▸ **THE PROBLEM**
For this exercise, the lines from the one with "Adorable plush bunny" through the end of the material below must be output exactly, without pictures.

▸ **RECORDED INFORMATION**
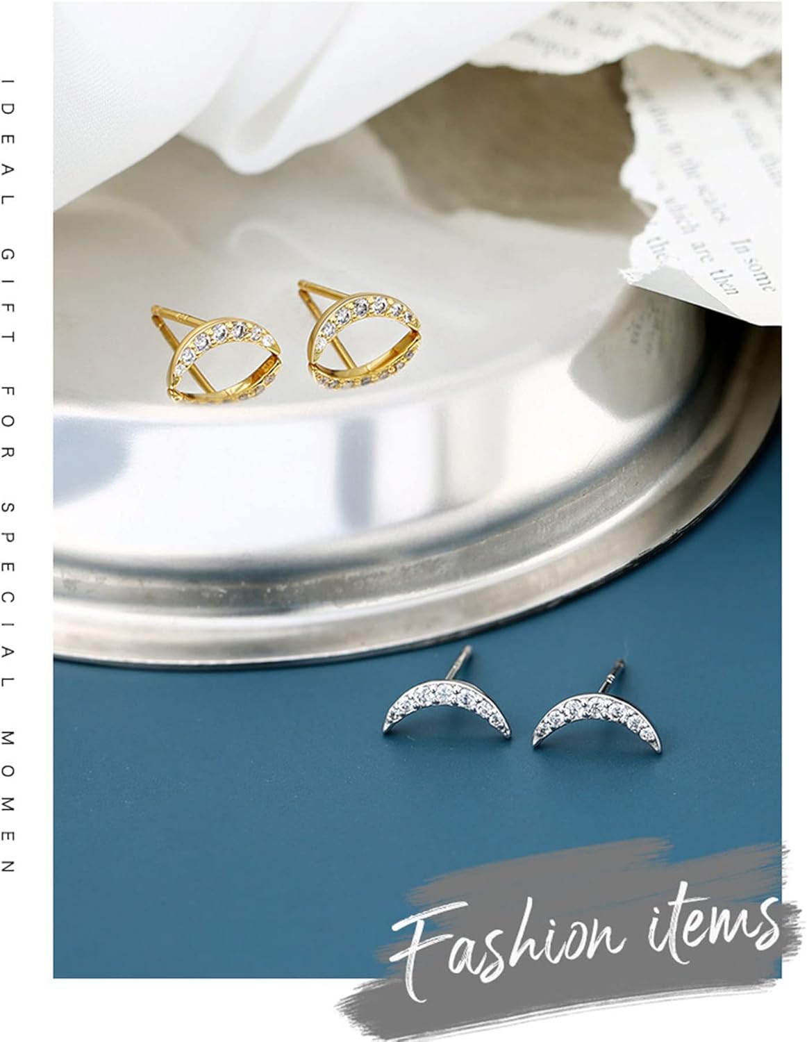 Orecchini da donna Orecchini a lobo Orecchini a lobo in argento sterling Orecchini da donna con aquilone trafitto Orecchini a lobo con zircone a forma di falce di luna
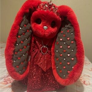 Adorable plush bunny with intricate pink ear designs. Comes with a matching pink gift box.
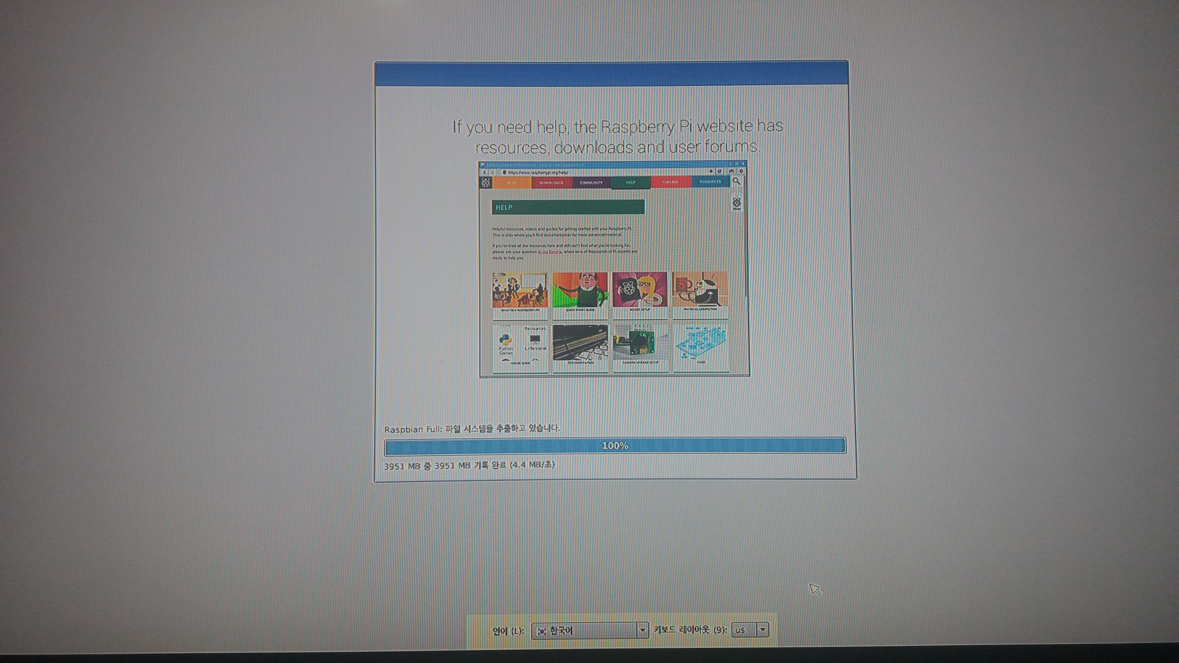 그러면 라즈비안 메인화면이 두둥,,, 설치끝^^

▸ **RESPONSE**
 Adorable plush bunny with intricate pink ear designs. Comes with a matching pink gift box.
 그러면 라즈비안 메인화면이 두둥,,, 설치끝^^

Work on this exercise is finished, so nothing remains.